In Soul Remnants, my role was mainly focused on visual style design, scriptwriting, and storyboard-based narrative development. Therefore, my reflection on skills is not only about software or individual production tasks. It is more about how to turn a complex idea into a clear animated narrative. To put it simply, this project taught me not only how to complete an animation, but how to tell a story clearly, and how to choose different storytelling methods for different kinds of stories.

First, I developed my scriptwriting and narrative development skills. From the initial concept to the final version, the script went through many changes. In the early stages, the story could easily have become a direct tragedy about a man who comes back from death, gets misunderstood, and is hurt by the villagers. Later, I realised that the most important part of the film was not what Yousheng experiences, but how the villagers rewrite him, use him, and eventually replace him. Because of this, I did not give Yousheng more active expression in the later versions of the script. Instead, I reduced his space to explain himself and allowed the villagers’ reactions, rumours, rituals, and interests to push the story forward. This helped me understand that animation narrative does not always need to depend on the main character’s active decisions. Sometimes, a character’s silence and lack of response can also become a strong narrative force.

At the early stage of script development, I also created the first 2D art designs for the story. These images helped define the film’s rough, oppressive, rural, folkloric, and grotesque atmosphere. The later 3D modelling style was also developed from this early 2D visual direction. This made me realise that visual development is not separate from storytelling. Early visual designs can help clarify the tone, character texture, and worldbuilding of a project, and provide a clear direction for later production.

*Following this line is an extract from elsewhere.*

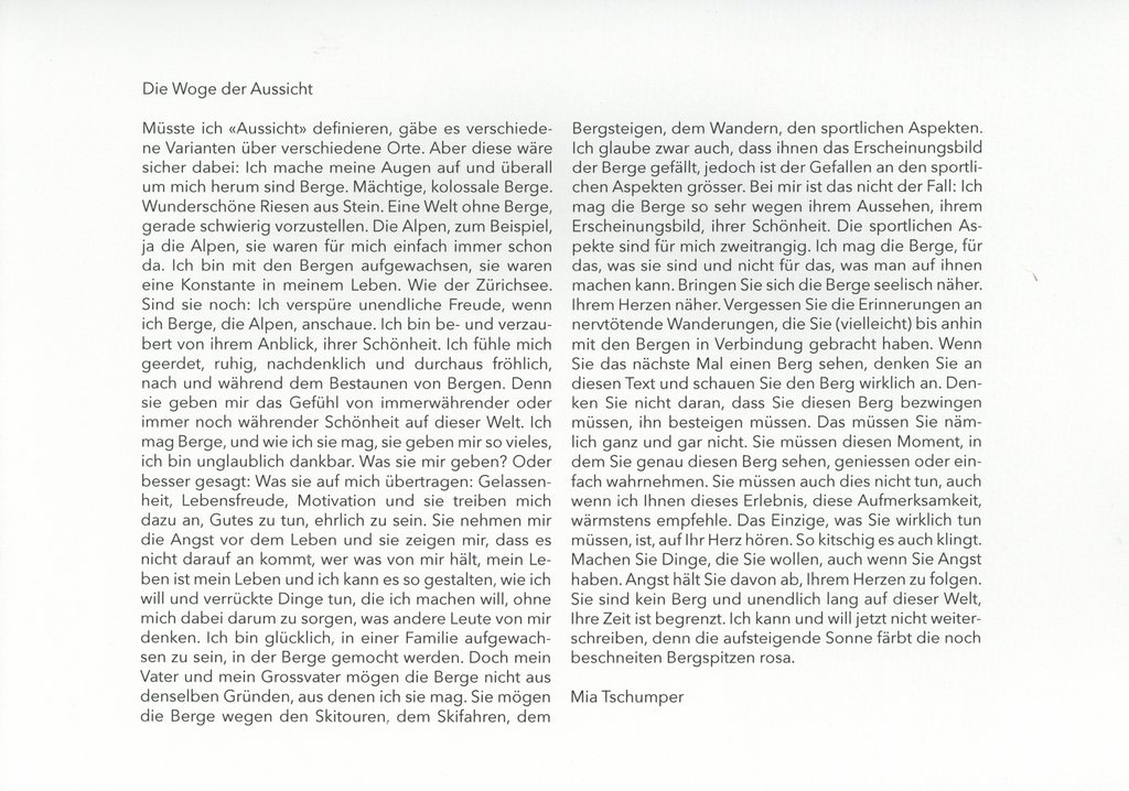 Sollten Sie an einem Bild interessiert sein, so senden Sie die Bildnummer (ersichtlich bei Vergrösserung) inkl. ihrer Adresse per Mail an den oder die Künstler*in (Vorname.nachname@stud.kuezh.ch).

Second, I improved my visual storytelling skills. As the main visual style designer, I had to consider whether each shot, composition, character action, and visual symbol truly supported the theme, rather than only making the image look visually attractive. For example, in the sequence where Yousheng returns to the village, I used low angles, overhead shots, and group movement to show how the villagers’ emotions change from individual fear to collective anger. In the later part of the film, I also used the relationship between the statue, smoke, coins, and Yousheng to express symbolic transformation and the replacement of one medium by another. At first, coins are the weakest connection between Yousheng and human society. However, after the temple and statue are created, the coins no longer truly flow towards Yousheng, but towards the statue and the incense system. At the same time, smoke replaces coins as the new medium between the villagers and the “god”. This shift shows that Yousheng himself is no longer important. What matters is the sacred image that has been packaged, worshipped, and consumed by the villagers.

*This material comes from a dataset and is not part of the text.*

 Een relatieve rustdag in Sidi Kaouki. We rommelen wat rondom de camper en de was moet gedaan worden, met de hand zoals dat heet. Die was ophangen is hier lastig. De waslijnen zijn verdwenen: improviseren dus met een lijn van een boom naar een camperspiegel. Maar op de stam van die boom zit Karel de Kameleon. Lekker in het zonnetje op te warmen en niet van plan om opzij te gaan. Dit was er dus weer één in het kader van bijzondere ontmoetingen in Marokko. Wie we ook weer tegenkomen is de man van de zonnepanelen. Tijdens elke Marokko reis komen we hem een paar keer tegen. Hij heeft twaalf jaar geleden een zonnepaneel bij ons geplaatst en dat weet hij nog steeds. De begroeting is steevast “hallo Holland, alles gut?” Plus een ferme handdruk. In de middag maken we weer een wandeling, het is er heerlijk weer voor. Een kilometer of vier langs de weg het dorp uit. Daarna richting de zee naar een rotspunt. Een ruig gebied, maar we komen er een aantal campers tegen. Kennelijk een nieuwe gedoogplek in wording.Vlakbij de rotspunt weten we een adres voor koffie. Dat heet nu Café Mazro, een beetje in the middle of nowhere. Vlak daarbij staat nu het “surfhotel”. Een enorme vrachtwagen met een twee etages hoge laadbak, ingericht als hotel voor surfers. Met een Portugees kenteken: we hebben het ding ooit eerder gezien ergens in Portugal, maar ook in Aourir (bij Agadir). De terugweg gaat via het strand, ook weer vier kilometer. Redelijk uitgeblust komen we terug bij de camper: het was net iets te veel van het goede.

Finally, this project gave me a more practical understanding of script and storyboard development. In the past, I might have focused more on whether a single shot looked good or whether an image had strong visual impact. However, through Soul Remnants, I realised that the most important function of storyboarding is not to create isolated beautiful images, but to make sure the sequence of shots helps the audience understand the story clearly. Because the protagonist is silent, he cannot explain himself through dialogue or active behaviour. Therefore, I had to use the villagers’ reactions, camera angles, group actions, symbolic objects, and sound rhythm to help the audience understand how he is misunderstood, used, and replaced.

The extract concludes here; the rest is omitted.